Я специально нагнетала, чтобы потом ненароком не начать надеяться. Не хотелось размечтаться, а потом окончательно разочароваться… в себе.

— Подожди, — нахмурилась Ленка, — ты же сама говоришь — он нормальный парень. Значит, хоть какие-то мозги и чувство гордости у человека должны быть. Между прочим, это лишь заблуждение, что мужикам всё равно с кем.

Лицо пошло красными пятнами, отчего-то сделалось стыдно. Мы с сестрой хоть и были близки, но такие разговоры вели редко.

Бросила на неё полный скепсиса взгляд, словно подозревая в том, что она просто меня так успокаивает.

— Ну не веришь мне, хочешь, Лёню спросим?

Лёня был моим зятем и по совместительству мужем сестры. Вернее, сначала он был её мужем, а уже потом всё остальное.

— Не надо, — окончательно поникла я, ещё только Лёньки в моих переживаниях не хватало. Я тогда точно сквозь землю провалюсь.

Но Суриков не стал дожидаться нашего приглашения и сам нарисовался в дверях комнаты.

— О-паце, это что у нас тут опять за нахлебники? Ходют тут всякие…

Отношения с зятем у меня были хорошие, но выражались в вот такой странной форме. Я оторвала голову от Ленкиных коленей и показала Лёне язык. Тот в долгу не остался и показал мне фигу.

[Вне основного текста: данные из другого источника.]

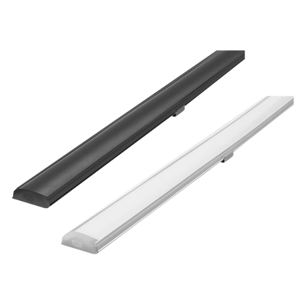 Kit de perfil flexible para tira extraplana de led, sin ceja, que incluye, perfil rectangular de aluminio acabado negro de 3 m, mica difusa negra traslucida de 3 m, kit de 2 tapas laterales y kit de 2 grapas, de sobreponer, protección IP20.

— Детский сад, — покачала головой сестра, почти привыкшая за десять лет к нашим вечным стычкам.

В коридоре раздался шум, и сбоку от Сурикова нарисовались Дашка с Машкой, мои горячо любимые племянницы, которые были по совместительству… Ну вы поняли.

— Пап, у них тут страдания, ты что, не видишь? — карикатурно по-взрослому возмутилась одна из близняшек.

— Давайте Свету уже замуж выдадим, — опустил всякую тактичность Лёнька, — и конец страданиям.

— Так они над этим и работают, — закончила вторая из девочек.

***

Жизнь продолжалась. Утро понедельника выдалось до ужаса обыденным: классный час, уроки, разборки, страдания…

Конец учебного года — дурацкая пора, когда никому уже ничего не надо, в том числе и нам, учителям, а дел выше крыши и единственное желание — взять и отпустить всех домой, но совесть на позволяет. И не потому, что администрация заругает, а потому, что уроки — это святое. Всегда срабатывает банальное опасение, что стоит только ослабить контроль, как всё, кирдык дисциплине. А дисциплина — дело крайне… эфемерное, никто толком не понимает, что это такое наверняка, но все за неё ратуют и переживают.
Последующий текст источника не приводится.